His movements were getting slower. He was tiring himself out. It was easy to fend off his first attempt at grabbing her, and his second. The difficulty was avoiding skin contact. That, and tempering her strength so she didn't accidentally kill him. It would be too easy, but then people would look at her like they'd looked at Westroians for centuries, like she was a violent animal that should be put down. He wasn't worth that.
He still laughed, though it was interrupted by big gulping breaths. Already he was winded. She only had to wait him out.
"I've found your biggest weakness," he said. "Everyone has one. You have so many."
She didn't reply, only pushed him back again.
"When I beat you I'll t
ell everyone that you did those murders," he said. "They'll be happy to believe me."
"Too many people have seen and heard you now to believe that."
He snarled and tried again, and again, a constant annoying attack she kept fending off, until...
He must have grazed her skin because she could see it, all the rotten things inside him that he'd seen and done. His hands around Veronica Menken's throat and Richards coughing on the floor. The shock in Kennedy's eyes as he'd attacked. His hand dragging a piece of metal pipe in the dark as the Captain approached. And before that, his plans, his hallucinations, his screaming fights, the image of the white edges of the anomaly growing bigger and bigger as he faced the break in the time stream and put his hands inside.
Disorientation, her time sense faltering. When she'd pulled herself clear from the images in his memories he'd pushed past her and was moving for the elevators.
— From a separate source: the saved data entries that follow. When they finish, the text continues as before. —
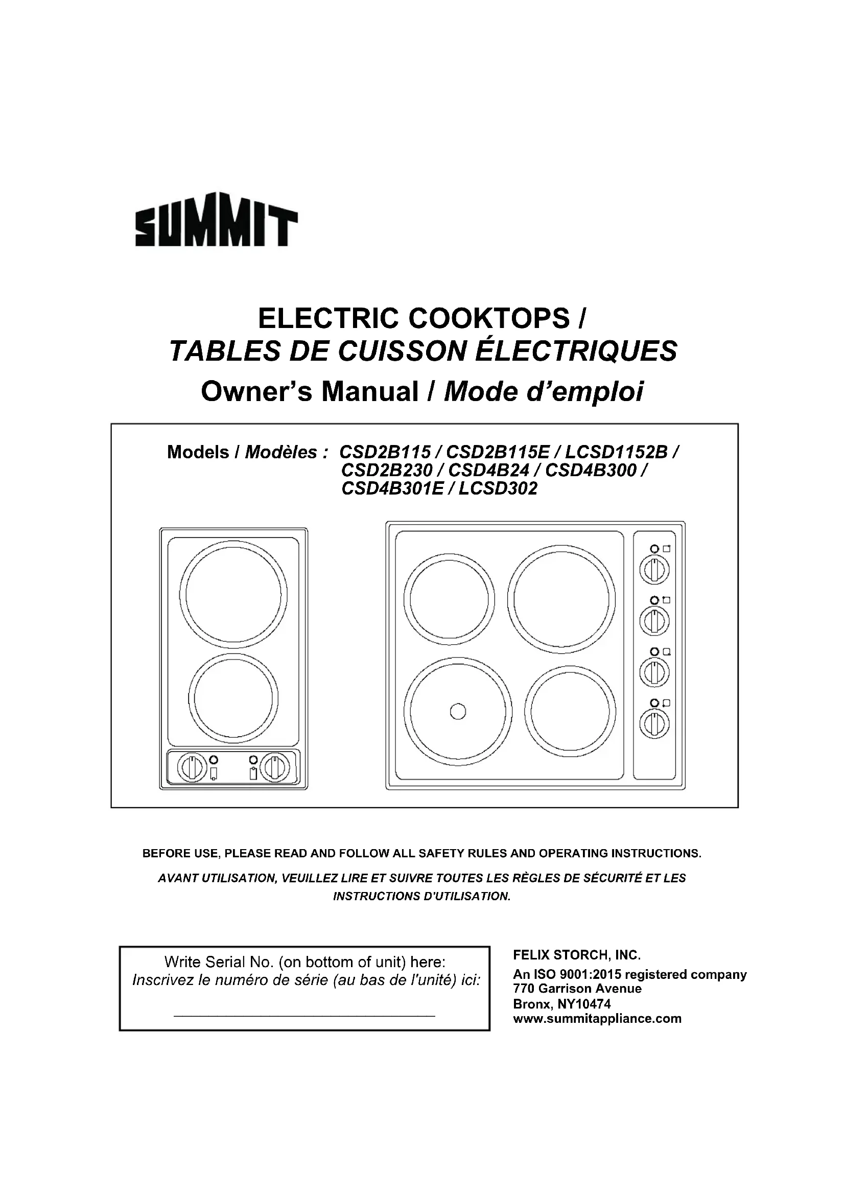 chimiques, y compris le nickel (métallisé), qui est connu de l'État de Californie pour causer le cancer, des anomalies congénitales ou d'autres problèmes de reproduction. Pour plus d'informations, visitez le site www.P65Warnings.ca.gov Remarque : Le nickel est un composant de tout acier inoxydable et d'autres compositions métalliques. FELIX STORCH, INC. 770 Garrison Avenue Bronx, NY10474 Téléphone: (718) 893-3900 Télécopie: (844) 478-8799 www.summitappliance.com Pour commander des pièces et des accessoires, résoudre des problèmes et obtenir des conseils utiles, visitez le site: www.summitappliance.com/support
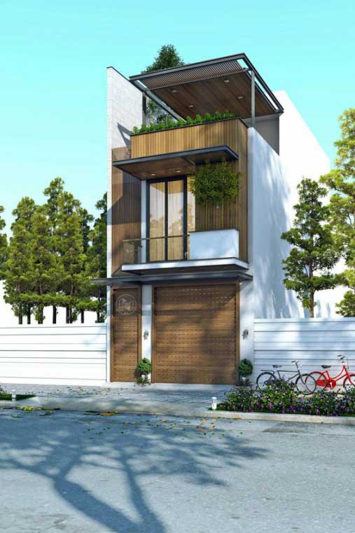 Với thiết kế hiện đại, ngôi nhà khoác lên mình vẻ đẹp sang trọng. Tường ốp giả gỗ nổi bật lên trên nền màu trắng, mục đích của viếc ốp đá giả gỗ là muốn ngôi nhà tăng tính thẩm mĩ, đồng thời khiến tường nhà sạch hơn. Cách thiết kế phần ban công tầng 2 khá độc đáo, 1 bên lõm sâu vào, tạo cảm giác thị giác, bên ngoài tận dụng trồng cây xanh, tăng không gian và giúp hài hòa căn nhà. Trên tầng 3 có bài trí lam gỗ giúp cân chỉnh ngôi nhà và thuận tiện cho việc trồng các loại cây leo.
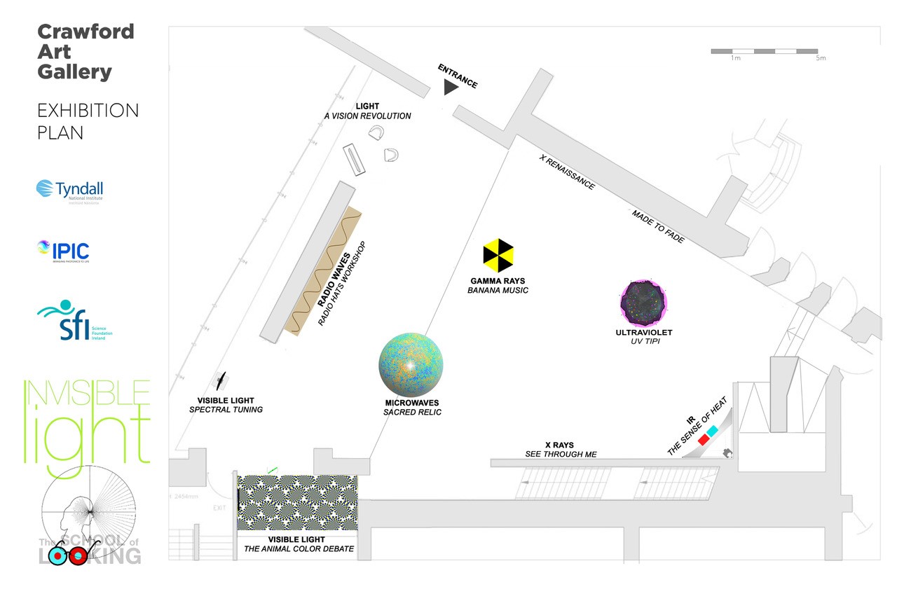 The exhibition Invisible Light presented 8 artworks which each investigated a different form of invisible light, from the mysterious gamma ray to the familiar radio wave. The artists collaborated with scientist researchers in the Tyndall Institute University College Cork to create the artwork. The exhibition was funded by the Science Foundation of Ireland, because they are interested in different ways that people can learn more about science apart from textbooks and they are keen to promote science to a wide audience.

The red lights were lit up above their doors to show they would admit no passengers, but he banged at the panel and pleaded for them to let him in.
She stood up. Removed the other glove.
"It won't work," she said. "You cannot win this fight."
"You're so afraid," he said, "of seeing other people's pasts that you cut yourself off from human touch. You can't beat me. You only see the past but I've seen the future."
He clearly didn't realise he'd already lost.
"I believe you like card game metaphors," she said. "Let me inform you that you've played your best card in a losing hand."
He turned back to face her, expression smug. Moved toward her with that unearned confidence, body still shaking. "What are you going to do? Touch me?"
"I've already seen everything you have to show. I have nothing to fear from you."
JENNIFER ARRIVED AT the top level just in time to see Johnson run straight at Solaris. The momentum pushed them both over the edge of the low rail and only Solaris's quick fingers grabbing on to the grate at the edge of the floor stopped them from falling to their deaths.